Unrestricted LLM Interaction is Unsafe

Don't ship raw chatbots to your users.

2026-01-05 at 6:0

commentaryllmsecuritysocietysoftware-eng

People are using Grok LLMs on X (formerly Twitter) to harass women: when a woman uploads a photo, they request the LLM to transform the photo into one depicting sexual situations or violence.

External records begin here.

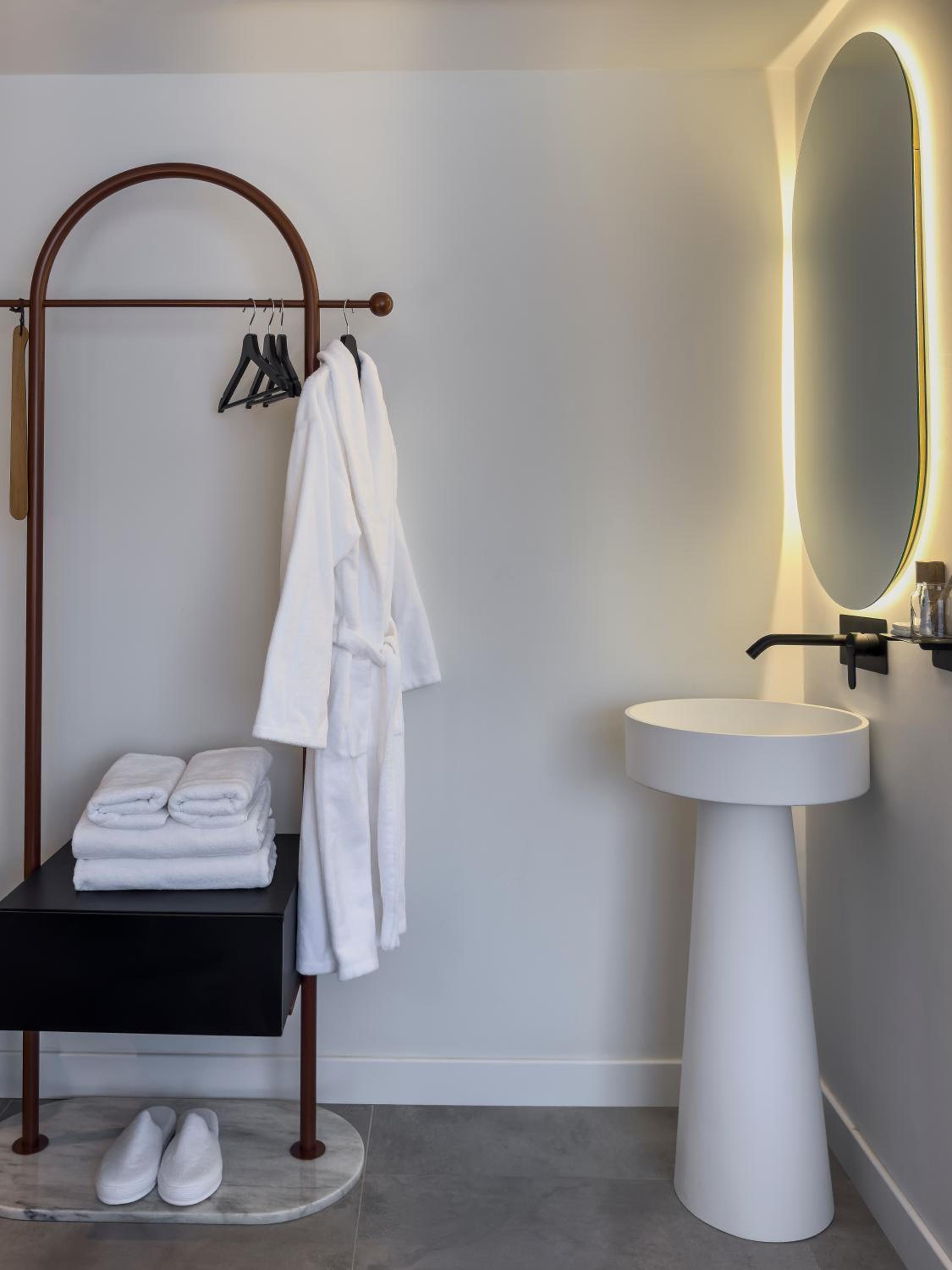 L’évier de la salle de bain en pleins dans la chambre c’est dommage également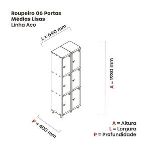 Armário Roupeiro de Aço totalmente montável, dispensa a utilização de parafusos, estrutura em chapas #24 e #26 (0,60mm e 0,45mm) conta com uma porta com estampos circulares em formação triangular para ventilação, sistema de fechamento de varão de 3 pontos, através de pitão para cadeado.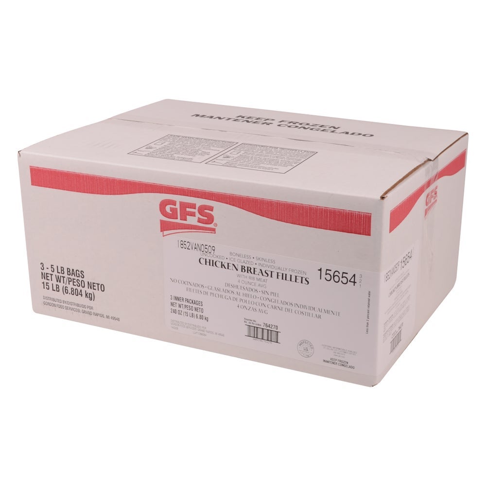 Gordon Choice Boneless Skinless Chicken Breast Fillets, 4 Ounce, Raw, Individually Frozen Ice Glazed, 5 Lb Bag, 3/Case
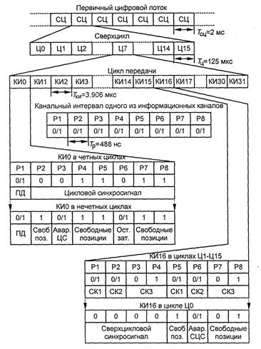 Рис. 9.4. Структура кадра ЦСП ИКМ-30 Очевидно, возможны два случая несоответствия скорости записи объединяемого потока и скорости считывания объединенного потока: - скорость считывания превышает скорость записи – при этом применяется так называемое положительное согласование скоростей (ПСС), представляющее собой вставку (стаффинг) дополнительного бита в объединяемый поток; - скорость считывания меньше скорости записи - при этом применяется так называемое отрицательное согласование скоростей (ОСС), представляющее собой передачу отстающего информационного бита вместо одного из служебных. Операции разделения потоков являются обратными операциям объединения: информация объединенного потока записывается в запоминающие устройства, соответствующие исходным потокам, затем считывается со скоростями, равными скоростям объединяемых потоков. В большинстве случаев объединение потоков осуществляется посимвольно (побитно), т.е. считывание информации из запоминающих устройств при объединении происходит по разрядам: вначале считывается и передается разряд первого потока, затем – второго и так далее, после считывания разряда последнего из объединяемых потоков вновь считывается очередной разряд первого, т.е. цикл повторяется. Возможно объединение потоков и по группам символов. Например, в объединенном потоке можно вначале передать все символы, относящиеся к каналу или циклу передачи первого потока, затем – такую же группу символов второго потока и т.д. Объединение по группам символов требует увеличения объема памяти оперативных запоминающих устройств пропорционально числу объединяемых групп символов. Структура кадра вторичной ЦСП (ИКМ-120) (рис. 9.5) является типичной для всех высших уровней этой иерархии. Цикл передачи имеет длительность 125 мкс и состоит из 1056 позиций. Цикл разделен на четыре субцикла одинаковой длительности. Первые восемь битов первого субцикла заняты комбинацией 11100110, представляющей собой цикловой синхросигнал объединенного потока. Первые четыре бита второго субцикла заняты первыми символами команд согласования скоростей (КСС), а следующие четыре – сигналами служебной связи. Вторые и третьи символы КСС занимают первые четыре бита третьего и четвертого субциклов. Биты 5-8 третьего субцикла используются для передачи сигналов данных (два бита), аварийных сигналов (Ав.) и сигналов вызова (выз.) по каналу служебной связи (по одному биту). В битах 5-8 четвертого субцикла передается информация объединяемых потоков при ОСС. При ПСС исключаются биты 9-12 четвертого субцикла.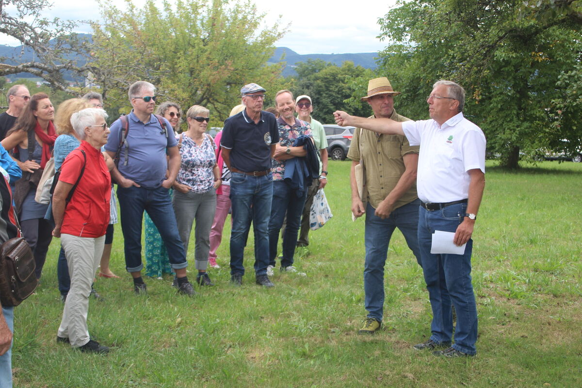Willy Junger vom OGV Stockach (weißes Hemd) und Joachim Löckelt (mit Hut) führten durch die Stockacher Streuobstwiesen.

Maggie Harrison Dupré for Futurism on 2026-01-02:
Earlier this week, a troubling trend emerged on X-formerly-Twitter as people started asking Elon Musk’s chatbot Grok to unclothe images of real people. This resulted in a wave of nonconsensual pornographic images flooding the largely unmoderated social media site, with some of the sexualized images even depicting minors.

When we dug through this content, we noticed another stomach-churning variation of the trend: Grok, at the request of users, altering images to depict real women being sexually abused, humiliated, hurt, and even killed.

We've also seen instances of LLMs encouraging suicidal people to go through with it.

Nadine Yousif for BBC News on 2025-08-27:
The family included chat logs between Adam, who died in April, and ChatGPT that show him explaining he has suicidal thoughts. They argue the programme validated his "most harmful and self-destructive thoughts".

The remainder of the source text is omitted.